> **Your task**
The data should be printed in full, character for character.

[[ Source material, beginning ]]

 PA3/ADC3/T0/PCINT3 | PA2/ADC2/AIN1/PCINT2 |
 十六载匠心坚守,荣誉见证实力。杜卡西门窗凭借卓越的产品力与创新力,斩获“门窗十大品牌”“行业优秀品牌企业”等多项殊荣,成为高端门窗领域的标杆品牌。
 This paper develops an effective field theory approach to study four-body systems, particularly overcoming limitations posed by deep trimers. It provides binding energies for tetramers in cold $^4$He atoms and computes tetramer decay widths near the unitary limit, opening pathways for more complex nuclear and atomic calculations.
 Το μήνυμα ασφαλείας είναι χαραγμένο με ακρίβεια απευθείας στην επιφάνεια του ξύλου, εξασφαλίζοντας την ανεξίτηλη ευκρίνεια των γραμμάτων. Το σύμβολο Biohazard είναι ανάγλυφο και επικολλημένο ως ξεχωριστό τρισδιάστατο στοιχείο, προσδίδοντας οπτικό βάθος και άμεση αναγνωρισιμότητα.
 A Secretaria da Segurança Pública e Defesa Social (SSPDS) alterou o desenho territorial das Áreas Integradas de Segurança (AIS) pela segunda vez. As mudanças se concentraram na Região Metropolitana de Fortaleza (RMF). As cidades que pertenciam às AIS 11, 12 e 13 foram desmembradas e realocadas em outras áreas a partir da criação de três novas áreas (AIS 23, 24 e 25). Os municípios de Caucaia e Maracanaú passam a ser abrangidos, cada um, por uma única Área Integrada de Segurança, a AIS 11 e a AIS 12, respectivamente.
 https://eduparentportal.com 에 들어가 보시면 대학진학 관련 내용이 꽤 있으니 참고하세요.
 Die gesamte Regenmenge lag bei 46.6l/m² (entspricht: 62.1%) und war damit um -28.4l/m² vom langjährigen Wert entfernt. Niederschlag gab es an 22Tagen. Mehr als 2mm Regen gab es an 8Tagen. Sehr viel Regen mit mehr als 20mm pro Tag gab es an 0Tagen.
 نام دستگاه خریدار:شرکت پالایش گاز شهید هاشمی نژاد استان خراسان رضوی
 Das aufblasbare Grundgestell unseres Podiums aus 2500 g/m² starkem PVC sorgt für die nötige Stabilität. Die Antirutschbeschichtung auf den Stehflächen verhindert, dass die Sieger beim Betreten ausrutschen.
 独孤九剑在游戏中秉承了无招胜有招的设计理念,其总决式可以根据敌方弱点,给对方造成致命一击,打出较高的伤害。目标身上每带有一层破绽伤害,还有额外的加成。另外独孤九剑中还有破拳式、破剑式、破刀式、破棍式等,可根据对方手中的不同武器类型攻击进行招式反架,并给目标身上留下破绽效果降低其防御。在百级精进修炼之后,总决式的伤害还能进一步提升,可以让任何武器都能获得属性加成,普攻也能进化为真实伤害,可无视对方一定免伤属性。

[[ Source material, end ]]

> **Your response**
 PA3/ADC3/T0/PCINT3 | PA2/ADC2/AIN1/PCINT2 |
 十六载匠心坚守,荣誉见证实力。杜卡西门窗凭借卓越的产品力与创新力,斩获“门窗十大品牌”“行业优秀品牌企业”等多项殊荣,成为高端门窗领域的标杆品牌。
 This paper develops an effective field theory approach to study four-body systems, particularly overcoming limitations posed by deep trimers. It provides binding energies for tetramers in cold $^4$He atoms and computes tetramer decay widths near the unitary limit, opening pathways for more complex nuclear and atomic calculations.
 Το μήνυμα ασφαλείας είναι χαραγμένο με ακρίβεια απευθείας στην επιφάνεια του ξύλου, εξασφαλίζοντας την ανεξίτηλη ευκρίνεια των γραμμάτων. Το σύμβολο Biohazard είναι ανάγλυφο και επικολλημένο ως ξεχωριστό τρισδιάστατο στοιχείο, προσδίδοντας οπτικό βάθος και άμεση αναγνωρισιμότητα.
 A Secretaria da Segurança Pública e Defesa Social (SSPDS) alterou o desenho territorial das Áreas Integradas de Segurança (AIS) pela segunda vez. As mudanças se concentraram na Região Metropolitana de Fortaleza (RMF). As cidades que pertenciam às AIS 11, 12 e 13 foram desmembradas e realocadas em outras áreas a partir da criação de três novas áreas (AIS 23, 24 e 25). Os municípios de Caucaia e Maracanaú passam a ser abrangidos, cada um, por uma única Área Integrada de Segurança, a AIS 11 e a AIS 12, respectivamente.
 https://eduparentportal.com 에 들어가 보시면 대학진학 관련 내용이 꽤 있으니 참고하세요.
 Die gesamte Regenmenge lag bei 46.6l/m² (entspricht: 62.1%) und war damit um -28.4l/m² vom langjährigen Wert entfernt. Niederschlag gab es an 22Tagen. Mehr als 2mm Regen gab es an 8Tagen. Sehr viel Regen mit mehr als 20mm pro Tag gab es an 0Tagen.
 نام دستگاه خریدار:شرکت پالایش گاز شهید هاشمی نژاد استان خراسان رضوی
 Das aufblasbare Grundgestell unseres Podiums aus 2500 g/m² starkem PVC sorgt für die nötige Stabilität. Die Antirutschbeschichtung auf den Stehflächen verhindert, dass die Sieger beim Betreten ausrutschen.
 独孤九剑在游戏中秉承了无招胜有招的设计理念,其总决式可以根据敌方弱点,给对方造成致命一击,打出较高的伤害。目标身上每带有一层破绽伤害,还有额外的加成。另外独孤九剑中还有破拳式、破剑式、破刀式、破棍式等,可根据对方手中的不同武器类型攻击进行招式反架,并给目标身上留下破绽效果降低其防御。在百级精进修炼之后,总决式的伤害还能进一步提升,可以让任何武器都能获得属性加成,普攻也能进化为真实伤害,可无视对方一定免伤属性。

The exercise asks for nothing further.